Stored data

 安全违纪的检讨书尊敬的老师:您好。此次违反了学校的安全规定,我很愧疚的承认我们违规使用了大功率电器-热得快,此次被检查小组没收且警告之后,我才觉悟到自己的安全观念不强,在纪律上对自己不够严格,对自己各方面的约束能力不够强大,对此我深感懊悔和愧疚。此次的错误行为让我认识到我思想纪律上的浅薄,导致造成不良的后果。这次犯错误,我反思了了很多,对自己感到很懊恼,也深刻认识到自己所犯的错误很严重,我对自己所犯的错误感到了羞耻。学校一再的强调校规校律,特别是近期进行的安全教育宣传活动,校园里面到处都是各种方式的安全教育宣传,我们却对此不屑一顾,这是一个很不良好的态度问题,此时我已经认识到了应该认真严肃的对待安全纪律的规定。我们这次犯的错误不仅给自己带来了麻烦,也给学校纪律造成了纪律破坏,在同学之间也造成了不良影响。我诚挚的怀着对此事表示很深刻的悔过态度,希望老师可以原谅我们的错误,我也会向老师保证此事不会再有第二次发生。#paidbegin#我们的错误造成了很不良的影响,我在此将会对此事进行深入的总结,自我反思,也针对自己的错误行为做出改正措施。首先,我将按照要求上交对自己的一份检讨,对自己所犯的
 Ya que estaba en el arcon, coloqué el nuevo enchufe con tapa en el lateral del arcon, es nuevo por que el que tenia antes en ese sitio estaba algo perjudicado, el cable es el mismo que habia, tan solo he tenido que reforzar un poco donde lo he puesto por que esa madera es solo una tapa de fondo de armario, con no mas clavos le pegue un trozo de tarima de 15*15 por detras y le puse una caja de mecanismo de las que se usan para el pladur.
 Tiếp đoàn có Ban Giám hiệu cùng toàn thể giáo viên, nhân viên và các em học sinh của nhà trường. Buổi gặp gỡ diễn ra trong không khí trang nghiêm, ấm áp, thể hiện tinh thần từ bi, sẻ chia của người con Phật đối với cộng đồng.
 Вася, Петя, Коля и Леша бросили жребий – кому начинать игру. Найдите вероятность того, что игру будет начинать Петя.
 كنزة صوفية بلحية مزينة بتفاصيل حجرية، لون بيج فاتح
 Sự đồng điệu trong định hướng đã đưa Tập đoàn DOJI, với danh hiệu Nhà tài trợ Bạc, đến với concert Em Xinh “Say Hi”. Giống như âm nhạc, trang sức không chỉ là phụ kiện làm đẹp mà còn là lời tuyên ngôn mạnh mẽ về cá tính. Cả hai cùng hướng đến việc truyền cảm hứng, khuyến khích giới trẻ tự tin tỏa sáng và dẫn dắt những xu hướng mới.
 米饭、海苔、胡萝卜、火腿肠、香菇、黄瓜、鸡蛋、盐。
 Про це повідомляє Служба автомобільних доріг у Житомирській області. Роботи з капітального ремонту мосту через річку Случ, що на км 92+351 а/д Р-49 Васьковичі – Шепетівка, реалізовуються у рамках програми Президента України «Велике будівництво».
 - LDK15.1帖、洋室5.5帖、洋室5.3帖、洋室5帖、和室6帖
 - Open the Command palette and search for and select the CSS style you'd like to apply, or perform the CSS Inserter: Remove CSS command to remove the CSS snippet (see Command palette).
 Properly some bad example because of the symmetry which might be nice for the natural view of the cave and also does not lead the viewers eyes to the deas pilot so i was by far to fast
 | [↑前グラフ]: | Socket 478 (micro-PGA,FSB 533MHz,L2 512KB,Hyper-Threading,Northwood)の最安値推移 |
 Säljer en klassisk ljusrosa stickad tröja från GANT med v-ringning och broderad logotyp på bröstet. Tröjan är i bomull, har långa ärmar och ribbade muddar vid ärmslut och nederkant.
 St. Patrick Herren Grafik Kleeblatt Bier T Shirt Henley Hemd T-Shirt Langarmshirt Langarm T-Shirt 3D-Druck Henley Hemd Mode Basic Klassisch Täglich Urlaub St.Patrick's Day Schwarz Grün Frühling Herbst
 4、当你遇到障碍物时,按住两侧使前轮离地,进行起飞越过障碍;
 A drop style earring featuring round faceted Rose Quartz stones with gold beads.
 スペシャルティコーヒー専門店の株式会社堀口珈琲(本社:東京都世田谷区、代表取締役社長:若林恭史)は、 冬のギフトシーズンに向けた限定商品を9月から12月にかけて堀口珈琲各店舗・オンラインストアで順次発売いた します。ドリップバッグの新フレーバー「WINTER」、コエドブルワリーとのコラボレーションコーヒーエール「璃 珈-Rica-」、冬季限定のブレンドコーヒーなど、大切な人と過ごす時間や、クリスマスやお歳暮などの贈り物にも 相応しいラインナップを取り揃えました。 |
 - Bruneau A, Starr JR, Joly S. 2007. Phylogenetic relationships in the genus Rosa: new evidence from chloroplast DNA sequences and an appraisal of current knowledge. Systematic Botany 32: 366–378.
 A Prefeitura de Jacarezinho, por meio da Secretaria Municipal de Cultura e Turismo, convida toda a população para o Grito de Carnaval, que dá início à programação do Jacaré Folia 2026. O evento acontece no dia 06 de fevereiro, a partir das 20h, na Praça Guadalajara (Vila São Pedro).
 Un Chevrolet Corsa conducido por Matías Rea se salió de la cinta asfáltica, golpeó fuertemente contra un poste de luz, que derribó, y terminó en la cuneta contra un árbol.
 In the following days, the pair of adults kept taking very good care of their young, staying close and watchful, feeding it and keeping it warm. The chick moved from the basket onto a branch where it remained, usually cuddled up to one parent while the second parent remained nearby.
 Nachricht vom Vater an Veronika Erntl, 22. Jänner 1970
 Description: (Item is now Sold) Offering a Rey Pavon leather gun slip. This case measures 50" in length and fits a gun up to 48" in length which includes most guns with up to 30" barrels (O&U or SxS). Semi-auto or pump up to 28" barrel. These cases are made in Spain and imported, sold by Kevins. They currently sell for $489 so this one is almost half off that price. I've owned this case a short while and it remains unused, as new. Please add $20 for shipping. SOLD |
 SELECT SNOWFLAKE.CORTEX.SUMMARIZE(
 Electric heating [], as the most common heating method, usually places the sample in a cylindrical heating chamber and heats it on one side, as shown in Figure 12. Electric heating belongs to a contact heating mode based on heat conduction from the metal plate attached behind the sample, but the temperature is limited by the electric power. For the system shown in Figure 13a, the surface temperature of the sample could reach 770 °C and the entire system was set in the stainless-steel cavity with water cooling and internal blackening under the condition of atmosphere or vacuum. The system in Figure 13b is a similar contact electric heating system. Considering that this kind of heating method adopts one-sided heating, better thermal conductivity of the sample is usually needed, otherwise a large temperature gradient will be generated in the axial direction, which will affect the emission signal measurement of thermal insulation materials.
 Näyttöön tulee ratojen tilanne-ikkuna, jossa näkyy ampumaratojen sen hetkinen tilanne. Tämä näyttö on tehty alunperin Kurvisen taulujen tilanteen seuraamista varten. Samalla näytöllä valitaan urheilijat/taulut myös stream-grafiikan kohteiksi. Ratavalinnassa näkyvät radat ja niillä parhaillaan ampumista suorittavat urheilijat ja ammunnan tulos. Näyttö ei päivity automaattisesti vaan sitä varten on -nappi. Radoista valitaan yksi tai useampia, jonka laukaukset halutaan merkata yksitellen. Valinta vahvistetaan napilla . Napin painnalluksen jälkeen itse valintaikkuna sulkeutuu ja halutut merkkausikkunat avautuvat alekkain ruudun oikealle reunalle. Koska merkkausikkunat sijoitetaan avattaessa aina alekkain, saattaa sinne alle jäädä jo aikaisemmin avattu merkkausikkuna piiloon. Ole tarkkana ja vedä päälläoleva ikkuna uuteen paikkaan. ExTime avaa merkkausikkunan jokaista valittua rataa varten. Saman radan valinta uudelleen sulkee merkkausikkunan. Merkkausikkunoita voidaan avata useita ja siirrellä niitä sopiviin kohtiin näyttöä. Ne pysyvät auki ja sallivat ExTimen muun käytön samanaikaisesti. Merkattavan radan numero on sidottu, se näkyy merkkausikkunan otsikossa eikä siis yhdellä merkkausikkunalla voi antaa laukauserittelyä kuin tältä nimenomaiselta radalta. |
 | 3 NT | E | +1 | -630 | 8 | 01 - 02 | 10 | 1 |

> What you will do: Working from the records above, write out verbatim only the lines from the line containing "- Open the Command" through the line containing "Properly some bad".

> Response below:
 - Open the Command palette and search for and select the CSS style you'd like to apply, or perform the CSS Inserter: Remove CSS command to remove the CSS snippet (see Command palette).
 Properly some bad example because of the symmetry which might be nice for the natural view of the cave and also does not lead the viewers eyes to the deas pilot so i was by far to fast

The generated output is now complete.